* [Stored data]:
────────────────

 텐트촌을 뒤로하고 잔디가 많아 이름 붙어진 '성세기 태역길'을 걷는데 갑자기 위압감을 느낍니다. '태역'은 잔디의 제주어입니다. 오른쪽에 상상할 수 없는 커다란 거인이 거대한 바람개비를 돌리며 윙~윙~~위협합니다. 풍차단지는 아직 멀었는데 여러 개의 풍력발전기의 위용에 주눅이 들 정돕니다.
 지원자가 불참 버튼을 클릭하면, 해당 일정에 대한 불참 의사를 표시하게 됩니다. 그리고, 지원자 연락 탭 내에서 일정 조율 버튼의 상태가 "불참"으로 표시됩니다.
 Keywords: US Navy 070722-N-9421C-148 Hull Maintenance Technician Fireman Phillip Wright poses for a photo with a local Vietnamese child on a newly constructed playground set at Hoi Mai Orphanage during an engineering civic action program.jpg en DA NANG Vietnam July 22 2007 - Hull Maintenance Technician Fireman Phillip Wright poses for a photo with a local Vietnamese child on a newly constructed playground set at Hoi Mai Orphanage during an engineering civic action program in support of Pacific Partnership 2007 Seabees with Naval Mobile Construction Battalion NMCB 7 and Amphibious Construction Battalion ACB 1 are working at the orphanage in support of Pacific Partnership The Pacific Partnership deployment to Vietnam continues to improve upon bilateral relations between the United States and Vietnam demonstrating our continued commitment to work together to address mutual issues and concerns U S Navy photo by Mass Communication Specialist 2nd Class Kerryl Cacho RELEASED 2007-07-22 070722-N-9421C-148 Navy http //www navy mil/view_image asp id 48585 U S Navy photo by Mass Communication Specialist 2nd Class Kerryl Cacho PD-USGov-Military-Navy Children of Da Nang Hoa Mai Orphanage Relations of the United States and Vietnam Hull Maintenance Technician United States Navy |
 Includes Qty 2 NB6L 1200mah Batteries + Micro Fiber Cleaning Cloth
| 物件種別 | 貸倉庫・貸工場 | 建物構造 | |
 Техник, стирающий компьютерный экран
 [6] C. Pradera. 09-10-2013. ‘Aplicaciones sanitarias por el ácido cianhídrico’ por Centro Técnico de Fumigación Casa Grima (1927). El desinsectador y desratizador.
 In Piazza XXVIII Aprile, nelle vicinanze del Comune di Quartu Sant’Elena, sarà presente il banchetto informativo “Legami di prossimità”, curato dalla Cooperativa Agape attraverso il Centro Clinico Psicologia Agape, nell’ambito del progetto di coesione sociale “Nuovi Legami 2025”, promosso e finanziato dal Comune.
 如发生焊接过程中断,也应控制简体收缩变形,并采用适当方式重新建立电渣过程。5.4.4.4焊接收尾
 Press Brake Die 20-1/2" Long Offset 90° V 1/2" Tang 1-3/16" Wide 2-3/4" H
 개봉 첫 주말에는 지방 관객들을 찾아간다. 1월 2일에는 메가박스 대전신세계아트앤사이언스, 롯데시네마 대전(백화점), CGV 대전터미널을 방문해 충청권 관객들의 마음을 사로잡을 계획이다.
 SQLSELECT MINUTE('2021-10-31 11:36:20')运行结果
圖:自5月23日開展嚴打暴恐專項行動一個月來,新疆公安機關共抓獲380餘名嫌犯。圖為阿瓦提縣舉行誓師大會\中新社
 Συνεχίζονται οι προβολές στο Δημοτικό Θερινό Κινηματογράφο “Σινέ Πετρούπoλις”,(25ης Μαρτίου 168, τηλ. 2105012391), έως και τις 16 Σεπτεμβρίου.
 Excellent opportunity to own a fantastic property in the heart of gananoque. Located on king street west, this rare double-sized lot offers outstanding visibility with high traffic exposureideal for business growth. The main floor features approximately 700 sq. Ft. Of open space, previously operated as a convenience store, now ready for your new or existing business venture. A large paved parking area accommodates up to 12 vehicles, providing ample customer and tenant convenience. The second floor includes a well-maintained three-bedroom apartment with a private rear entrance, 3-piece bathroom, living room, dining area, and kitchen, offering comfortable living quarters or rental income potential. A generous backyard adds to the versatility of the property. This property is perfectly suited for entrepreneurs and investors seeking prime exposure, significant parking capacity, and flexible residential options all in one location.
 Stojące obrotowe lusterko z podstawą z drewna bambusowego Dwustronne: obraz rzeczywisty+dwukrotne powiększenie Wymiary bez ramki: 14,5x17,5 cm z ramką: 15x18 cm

────────────────

* [Exercise requirements]: Write out the records shown above, exactly as they appear.

* [Response for this exercise]:
 텐트촌을 뒤로하고 잔디가 많아 이름 붙어진 '성세기 태역길'을 걷는데 갑자기 위압감을 느낍니다. '태역'은 잔디의 제주어입니다. 오른쪽에 상상할 수 없는 커다란 거인이 거대한 바람개비를 돌리며 윙~윙~~위협합니다. 풍차단지는 아직 멀었는데 여러 개의 풍력발전기의 위용에 주눅이 들 정돕니다.
 지원자가 불참 버튼을 클릭하면, 해당 일정에 대한 불참 의사를 표시하게 됩니다. 그리고, 지원자 연락 탭 내에서 일정 조율 버튼의 상태가 "불참"으로 표시됩니다.
 Keywords: US Navy 070722-N-9421C-148 Hull Maintenance Technician Fireman Phillip Wright poses for a photo with a local Vietnamese child on a newly constructed playground set at Hoi Mai Orphanage during an engineering civic action program.jpg en DA NANG Vietnam July 22 2007 - Hull Maintenance Technician Fireman Phillip Wright poses for a photo with a local Vietnamese child on a newly constructed playground set at Hoi Mai Orphanage during an engineering civic action program in support of Pacific Partnership 2007 Seabees with Naval Mobile Construction Battalion NMCB 7 and Amphibious Construction Battalion ACB 1 are working at the orphanage in support of Pacific Partnership The Pacific Partnership deployment to Vietnam continues to improve upon bilateral relations between the United States and Vietnam demonstrating our continued commitment to work together to address mutual issues and concerns U S Navy photo by Mass Communication Specialist 2nd Class Kerryl Cacho RELEASED 2007-07-22 070722-N-9421C-148 Navy http //www navy mil/view_image asp id 48585 U S Navy photo by Mass Communication Specialist 2nd Class Kerryl Cacho PD-USGov-Military-Navy Children of Da Nang Hoa Mai Orphanage Relations of the United States and Vietnam Hull Maintenance Technician United States Navy |
 Includes Qty 2 NB6L 1200mah Batteries + Micro Fiber Cleaning Cloth
| 物件種別 | 貸倉庫・貸工場 | 建物構造 | |
 Техник, стирающий компьютерный экран
 [6] C. Pradera. 09-10-2013. ‘Aplicaciones sanitarias por el ácido cianhídrico’ por Centro Técnico de Fumigación Casa Grima (1927). El desinsectador y desratizador.
 In Piazza XXVIII Aprile, nelle vicinanze del Comune di Quartu Sant’Elena, sarà presente il banchetto informativo “Legami di prossimità”, curato dalla Cooperativa Agape attraverso il Centro Clinico Psicologia Agape, nell’ambito del progetto di coesione sociale “Nuovi Legami 2025”, promosso e finanziato dal Comune.
 如发生焊接过程中断,也应控制简体收缩变形,并采用适当方式重新建立电渣过程。5.4.4.4焊接收尾
 Press Brake Die 20-1/2" Long Offset 90° V 1/2" Tang 1-3/16" Wide 2-3/4" H
 개봉 첫 주말에는 지방 관객들을 찾아간다. 1월 2일에는 메가박스 대전신세계아트앤사이언스, 롯데시네마 대전(백화점), CGV 대전터미널을 방문해 충청권 관객들의 마음을 사로잡을 계획이다.
 SQLSELECT MINUTE('2021-10-31 11:36:20')运行结果
圖:自5月23日開展嚴打暴恐專項行動一個月來,新疆公安機關共抓獲380餘名嫌犯。圖為阿瓦提縣舉行誓師大會\中新社
 Συνεχίζονται οι προβολές στο Δημοτικό Θερινό Κινηματογράφο “Σινέ Πετρούπoλις”,(25ης Μαρτίου 168, τηλ. 2105012391), έως και τις 16 Σεπτεμβρίου.
 Excellent opportunity to own a fantastic property in the heart of gananoque. Located on king street west, this rare double-sized lot offers outstanding visibility with high traffic exposureideal for business growth. The main floor features approximately 700 sq. Ft. Of open space, previously operated as a convenience store, now ready for your new or existing business venture. A large paved parking area accommodates up to 12 vehicles, providing ample customer and tenant convenience. The second floor includes a well-maintained three-bedroom apartment with a private rear entrance, 3-piece bathroom, living room, dining area, and kitchen, offering comfortable living quarters or rental income potential. A generous backyard adds to the versatility of the property. This property is perfectly suited for entrepreneurs and investors seeking prime exposure, significant parking capacity, and flexible residential options all in one location.
 Stojące obrotowe lusterko z podstawą z drewna bambusowego Dwustronne: obraz rzeczywisty+dwukrotne powiększenie Wymiary bez ramki: 14,5x17,5 cm z ramką: 15x18 cm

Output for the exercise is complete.